In this section, we will examine and present the results focusing on the total energy consumption, quantified in joules, for each of the hardware platforms evaluated. For more granular details, we refer the reader to Fig. 3a–d. This metric accounts for the cumulative amount of energy used by each device throughout the entire execution of the benchmark tests. It reflects the total energy expenditure, combining both the rate of power consumption and the time over which the device took to complete each test.

Our analysis reveals compelling insights into the energy consumption profiles of these hardware platforms. In particular, Nezha D1 consistently exhibited the highest total energy consumption across all benchmarks. This outcome can be attributed to the extended completion times required by the Nezha D1, resulting in greater overall energy consumption than the other hardware platforms.

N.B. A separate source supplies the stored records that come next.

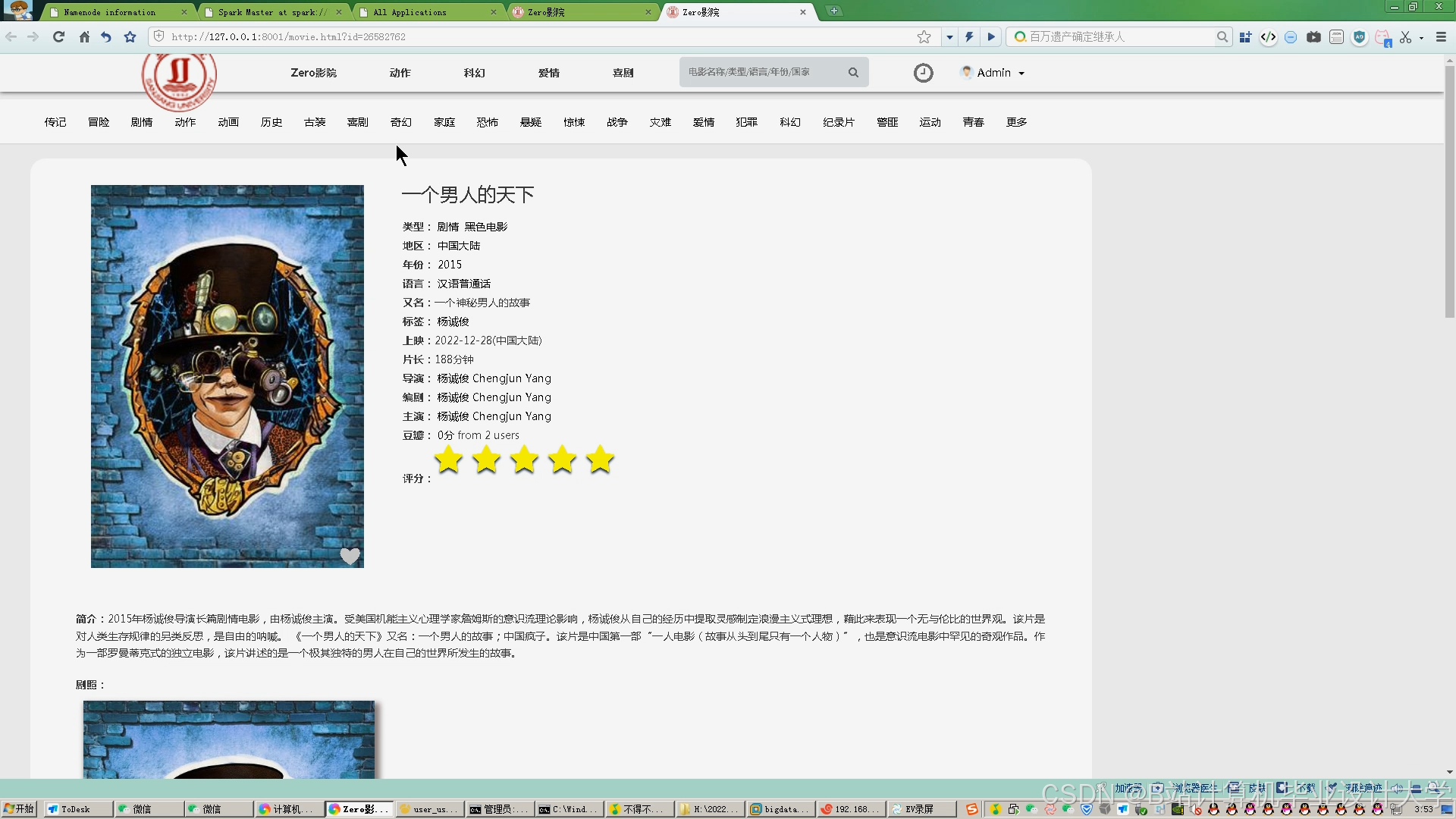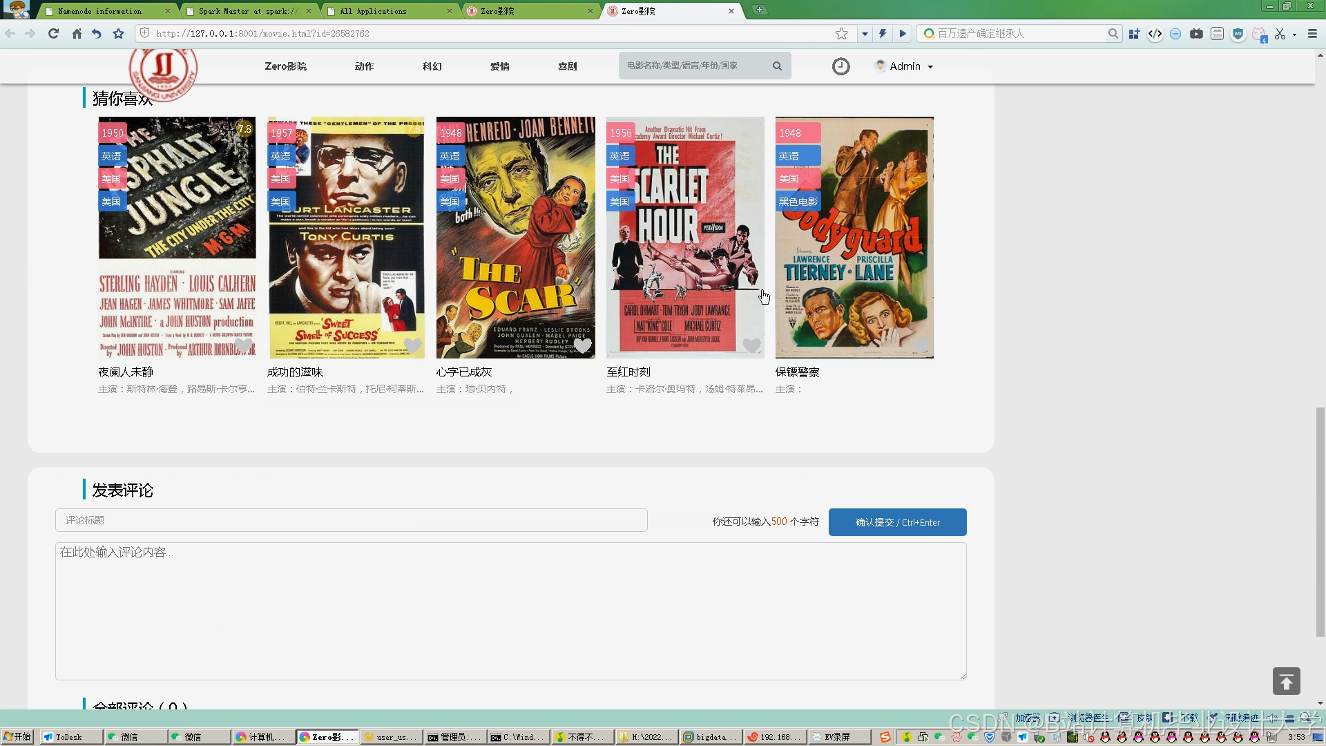 本系统基于Spark_Streaming(实时流处理)、Kafka(消息队列)、Hadoop(分布式存储)和Hive(数据仓库)技术栈,构建了一个高并发、低延迟的电影推荐系统。系统通过实时采集用户行为数据(如点击、评分、观看时长),结合离线计算的电影特征与用户画像,实现毫秒级响应的个性化推荐,支持千万级用户与百万级电影的分布式处理。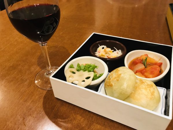 信州名物のおやきや山芋、れんこんの酢漬けなどのおつまみが一緒になったものがセットで配られます。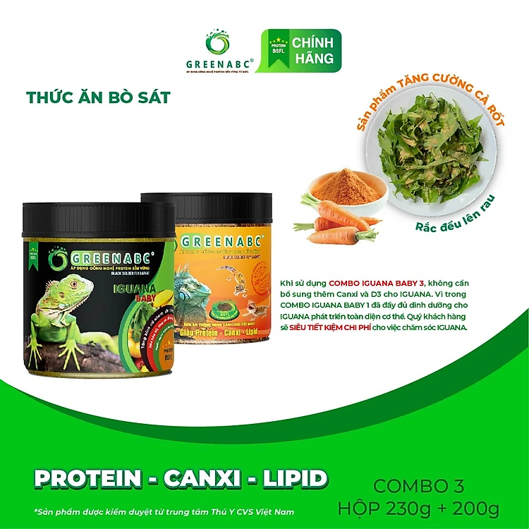 Thức ăn IGUANA BABY Cà Rốt GREENABC. Dành cho từ mới nở cho đến 9x, tăng size, màu đẹp – Hộp 230g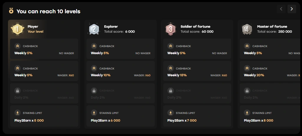 This system of loyalty levels motivates players toward active participation and constant improvement of their status on the platform.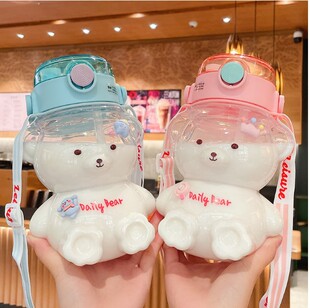 网红可爱小熊水杯大容量高颜值女生塑料杯子便携儿童吸管杯夏水杯
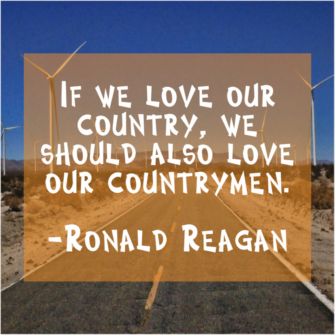 Ronald Reagan Ronald Reagan – If we love our country… December 22, 2018 admin “If we love our country, we should also love our countrymen.”-Ronald Reagan
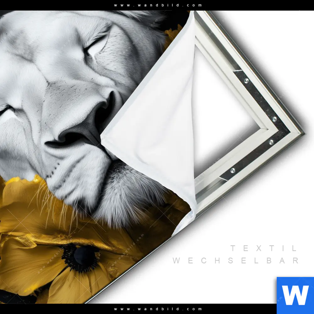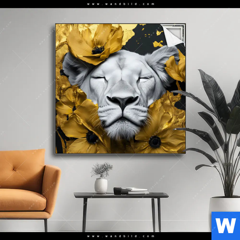 Spannbild | Weiße Löwin mit Goldblüten | Quadrat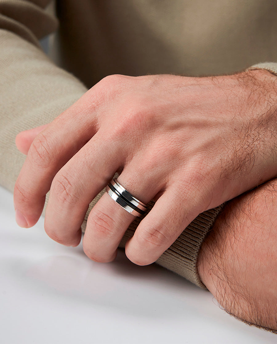 Herrenring aus Magnumstahl mit zwei schwarzen Streifen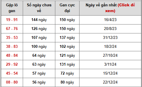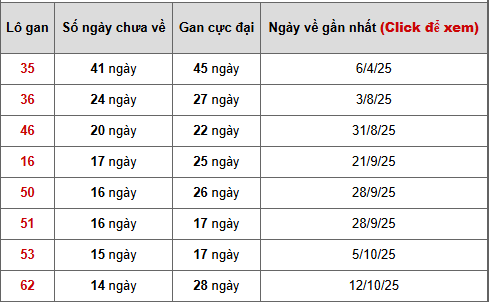 - Bảng thống kê lô gan Tiền Giang lâu chưa ra tính đến ngày 25/1/2025

In contrast, the Odroid XU4 and the Rock960 displayed similar energy consumption patterns, with occasional variations where one platform consumed marginally more energy than the other and vice versa. This observation highlights a degree of parity in energy efficiency between the Odroid XU4 and the Rock960 despite differences in their performance characteristics.

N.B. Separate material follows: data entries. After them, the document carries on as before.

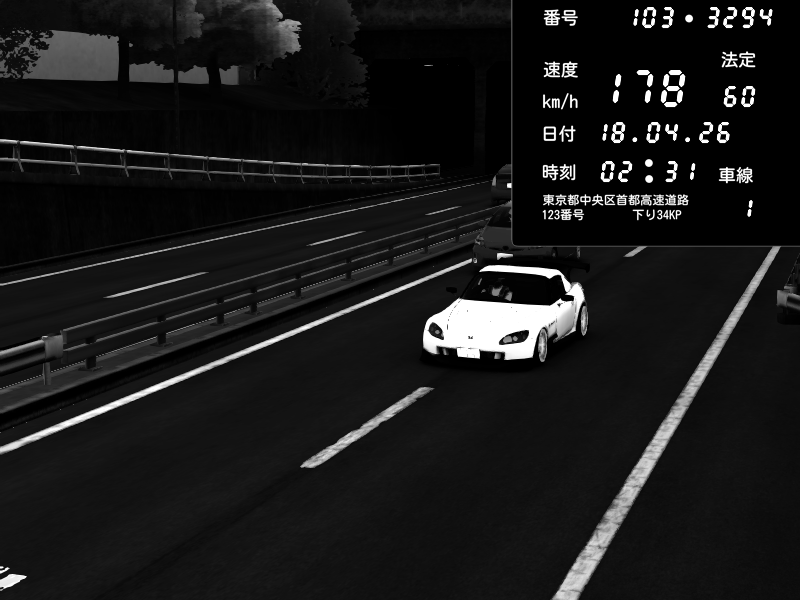 | 2026/04/18 02:31 | C1内回り 銀座 | 178 / 60 km/h | 木曜が一番疲れている | Honda S2000 (AP2 - Legendary) | CAPTURE |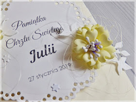 Komplet z okazji chrztu świętego, który przygotowałam z kremowego papieru wiztówkowego, delikatnie prążkowanego. DO tego efektowne kwiaty z foamiranu, trochę ozdobnego sianka, kilka scrapkowych listków, gwiazdki oraz szeroka tasiemka.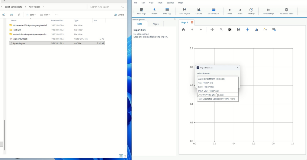 - ASCファイル(その他のテキスト形式ファイルも可):CANログ(例:Vector形式のログ)

By scrutinizing the total energy consumption figures, our analysis provides valuable insight into the power profiles of these hardware platforms and aids in selecting the most suitable platform based on the specific energy constraints and requirements of the intended application. These findings underscore the importance of considering power efficiency and performance when making hardware choices in computational scenarios.

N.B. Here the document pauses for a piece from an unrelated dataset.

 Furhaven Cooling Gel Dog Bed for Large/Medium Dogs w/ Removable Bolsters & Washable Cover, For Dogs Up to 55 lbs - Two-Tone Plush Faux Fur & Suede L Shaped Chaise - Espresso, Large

4.4 Operations per second analysis

In the context of the NAS Benchmark, “operations per second” refers to the number of floating-point operations executed by the hardware platform per second. In contrast, the TFLite Benchmark indicates the number of inferences conducted by the hardware platform per second.

Upon a comprehensive examination of the results of the NAS test presented in Fig. 4a–c, it becomes evident that the hardware platform that exhibits the highest number of operations per second is Rock960. In most cases, it surpasses the Odroid XU4 in this regard. In particular, the Nezha D1, while conforming to its specified capabilities, demonstrated comparatively lower performance than its competitors.

Shifting our focus to the TFLite Benchmark results, as shown in Fig. 4d, we can observe substantial disparities in the number of operations per second among the evaluated hardware platforms. Rock960 emerges as the best performing, consistently outperforming its rivals. This underscores the Rock960’s remarkable ability to achieve more inferences per second, rendering it as an enticing choice for applications necessitating swift data processing. On the contrary, Nezha D1 consistently exhibited a lower number of operations per second than the other hardware platforms, indicating a substantial deficit.

It should be noted that the inclusion of the Xnnpack delegate did not appear to significantly influence the overall results, suggesting that its impact on the number of operations per second was relatively negligible within the scope of these evaluations.

These insights from our analyses offer valuable guidance for selecting the most suitable hardware platform, considering the number of operations per second as a critical performance metric. Such considerations are crucial in a broad spectrum of computational applications, where optimizing resource utilization and achieving the desired level of operations per second are important.

4.5 Energy efficiency analysis

In the NAS and TFLite Benchmarks, it is important to distinguish the concept of “energy efficiency.” In the NAS Benchmark, this term refers to the number of floating-point operations performed per second per watt, while in the TFLite Benchmark, it implies the number of inferences made per second per watt.

Examining the results of the NAS test presented in Fig. 4a–c, it is apparent that the energy efficiency varies between the evaluated hardware platforms. In particular, the Odroid XU4 and the Rock960 exhibit competitive energy efficiency metrics in different tests. On the contrary, the Nezha D1 consistently displays a lower energy efficiency than the other hardware platforms.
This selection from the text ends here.